People exiting a train station

Immigration into the Welfare State

Welfare states are fundamentally incompatible with the free movement of people between countries if newcomers have full access to public benefits as soon as they arrive. If we are to take the free movement of people seriously, we should slaughter the sacred cow of immediate eligibility.

MUNICH – The armed conflict destabilizing some Arab countries has unleashed a huge wave of refugees headed for Europe. About 1.1 million came to Germany alone in 2015. At the same time, the adoption of the principle of freedom of movement within Europe has triggered massive, but largely unnoticed, intra-European migration flows. In 2014, Germany experienced an unprecedented net inflow of 304,000 people from other EU countries, and the number was probably similar in 2015.

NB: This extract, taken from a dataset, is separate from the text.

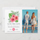 Aquarelle peinture feuillage tropical aloha beach mariage enregistrer la date photo carte de faire-part personnalisable à vos détails de l'événement. Si vos noms ont l'air un peu excentrés lorsqu'ils sont entrés, "Cliquez pour customiser plus loin" (le lien bleu au bas de "Personnalisez ce modèle") pour s'ajuster facilement dans la zone de conception.

Some EU members, including Austria, Hungary, Slovenia, Spain, France, and the initially welcoming Denmark and Sweden, have reacted by practically suspending the Schengen Agreement and reinstating border controls. Economists are not really surprised at this. In the 1990s, dozens of academic papers addressed the issue of migration into welfare states, discussing many of the problems that are now becoming apparent. I myself wrote much on the subject at the time, trying – mostly in vain – to raise awareness among policymakers.

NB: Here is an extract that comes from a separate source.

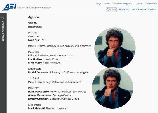 By the way, folks, a TV crew from Russia-1 is here. Thatʼs Dmitry Kiselyovʼs outfit. Theyʼre almost certainly here to get some footage of Russiaʼs great minds rubbing elbows at an American neoconservative think tank. Smile for the camera, gentlemen!

A fundamental issue is at stake. Welfare states are defined by the principle that those who enjoy above-average income pay more taxes and contributions than what they get back in the form of public services, while those with below-average earnings pay less than they receive. This redistribution, channeling net public resources toward lower-income households, is a sensible correction to the market economy, a kind of insurance against life’s vicissitudes and the rigors of scarcity pricing that characterize the market economy and have little to do with equitableness.